Data in this exercise:
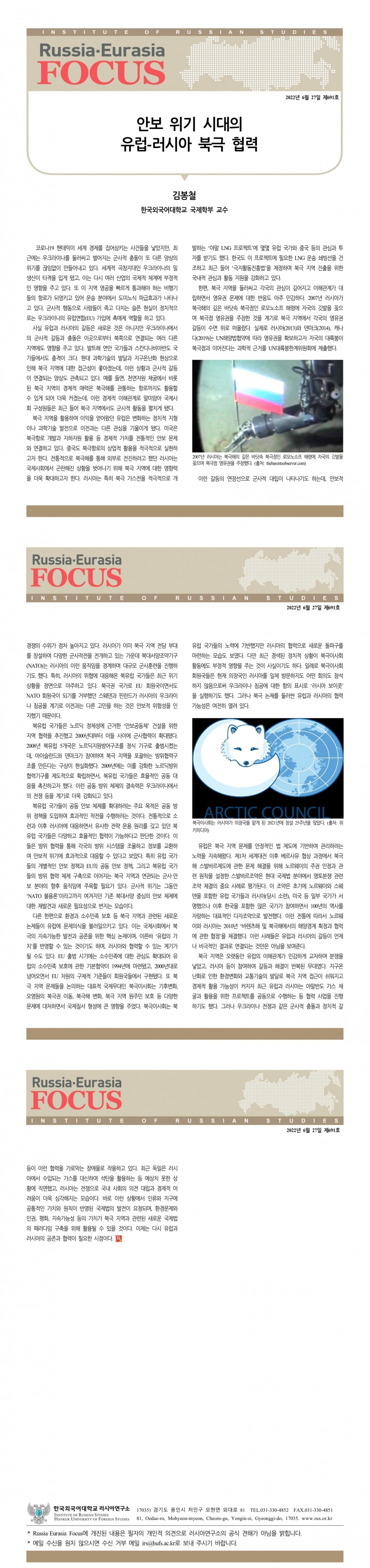 제691호 안보 위기 시대의 유럽-러시아 북극 협력
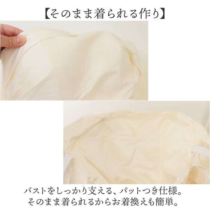 ・バストをしっかり支える、パットつき仕様。そのまま着られるからお着換えも簡単。
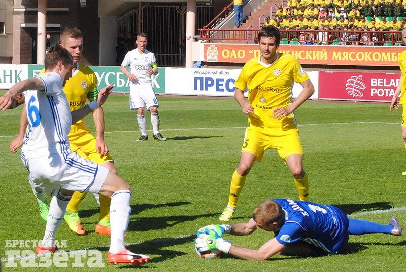 Голевым оказался первый же удар солигорчан в створ ворот «Динамо». Вышедший на замену молодой талант «горняков» Лисакович пробил головой после навеса Багарича. Малерб в отчаянном прыжке пытался достать мяч, но тщетно. Через 3 оборота секундной стрелки все тот же Лисакович мог отличиться еще раз и, пожалуй, похоронить надежды динамовцев на успех. Мяч после его мощного удара прошел в считаных сантиметрах выше ворот. Похоже, фортуна уже тогда выбрала из двух противоборствующих команд брестчан.
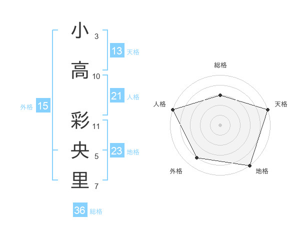 小高 彩央里さんの天格は13画の5点!
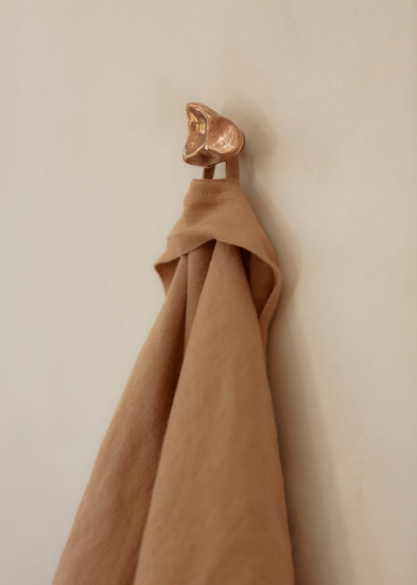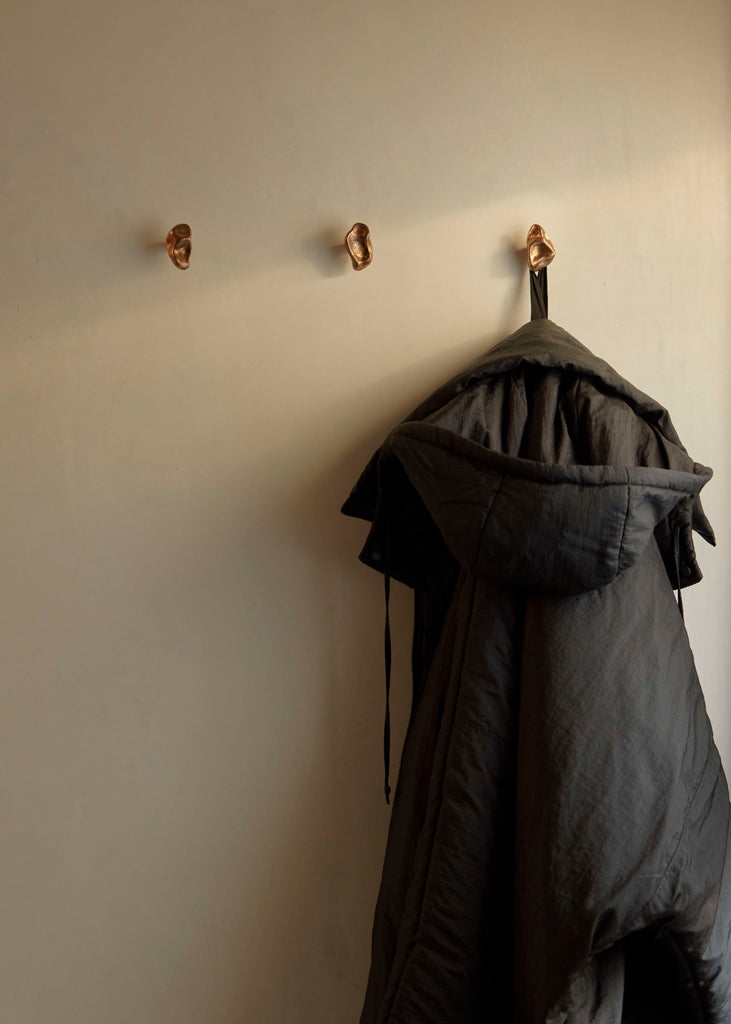 The design process begins by making models in clay, shaped by the maker's hands. The clay models are then sand cast in solid brass or bronze. This technique, where molten metal is poured into a sand mould, dates back thousands of years. After casting, the objects are sanded and polished by hand, leaving the grains of sand and the air bubbles visible in the finished piece. Each object is then drilled and punched by hand, a time-consuming and complex process that embraces traditional techniques.
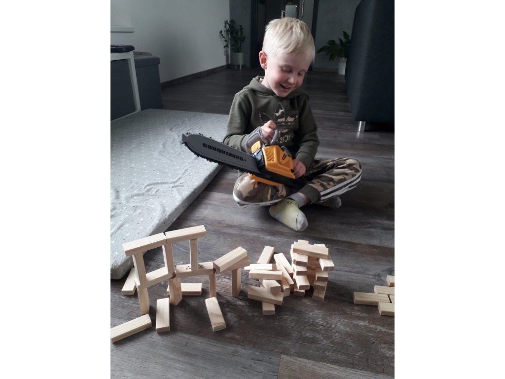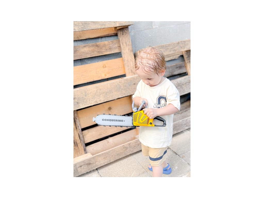 Motorová pila, která vydává zvuk řezání a svítí. Pilo rozvíjí dětskou motoriku a učí děti manuální práci.
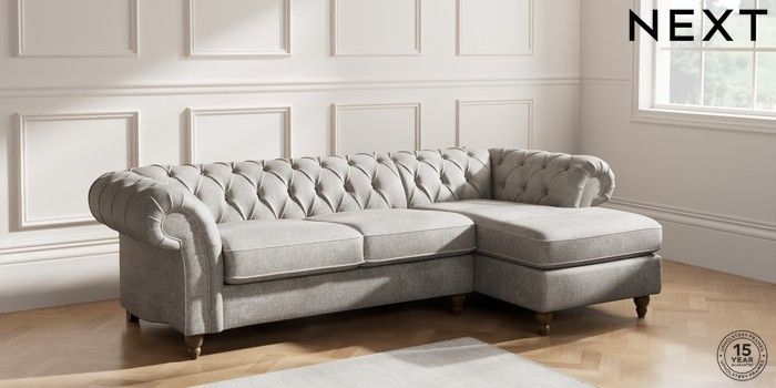 7.2.10 Gosford II Deep Sit Medium Sofa Chaise - Right Hand Plush Chenille Light Grey Low Turned - Mid | Made Click here to use our website with more accessibility support, for example screen readers
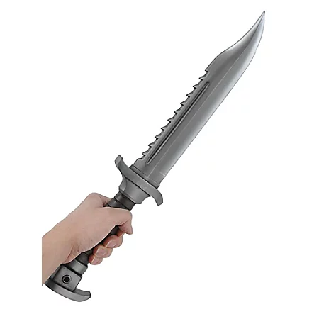 Dieses postapokalyptische Kampfmesser hat das robuste Aussehen eines Survival Knifes: Eine scharfe Klinge mit Sägerücken. Die stahlfarbene Klinge ist auf einem braunen, strukturierten Ledergriff montiert, der einen guten Halt bietet. Die gesamte Waffe ist aus sicherem Schaum gefertigt, der sie für ein Leben in der Einöde haltbar und belastbar macht. Das Polstermesser ist perfekt um in jedem modernen oder future Larp-Setting verwendet zu werden.

How to complete this task:
The required result is the entries above, printed exactly from the first line through the line with "7.2.10 Gosford II", pictures excluded.

Written answer:
 제691호 안보 위기 시대의 유럽-러시아 북극 협력
 ・バストをしっかり支える、パットつき仕様。そのまま着られるからお着換えも簡単。
 Голевым оказался первый же удар солигорчан в створ ворот «Динамо». Вышедший на замену молодой талант «горняков» Лисакович пробил головой после навеса Багарича. Малерб в отчаянном прыжке пытался достать мяч, но тщетно. Через 3 оборота секундной стрелки все тот же Лисакович мог отличиться еще раз и, пожалуй, похоронить надежды динамовцев на успех. Мяч после его мощного удара прошел в считаных сантиметрах выше ворот. Похоже, фортуна уже тогда выбрала из двух противоборствующих команд брестчан.
 小高 彩央里さんの天格は13画の5点!
 The design process begins by making models in clay, shaped by the maker's hands. The clay models are then sand cast in solid brass or bronze. This technique, where molten metal is poured into a sand mould, dates back thousands of years. After casting, the objects are sanded and polished by hand, leaving the grains of sand and the air bubbles visible in the finished piece. Each object is then drilled and punched by hand, a time-consuming and complex process that embraces traditional techniques.
 Motorová pila, která vydává zvuk řezání a svítí. Pilo rozvíjí dětskou motoriku a učí děti manuální práci.
 7.2.10 Gosford II Deep Sit Medium Sofa Chaise - Right Hand Plush Chenille Light Grey Low Turned - Mid | Made Click here to use our website with more accessibility support, for example screen readers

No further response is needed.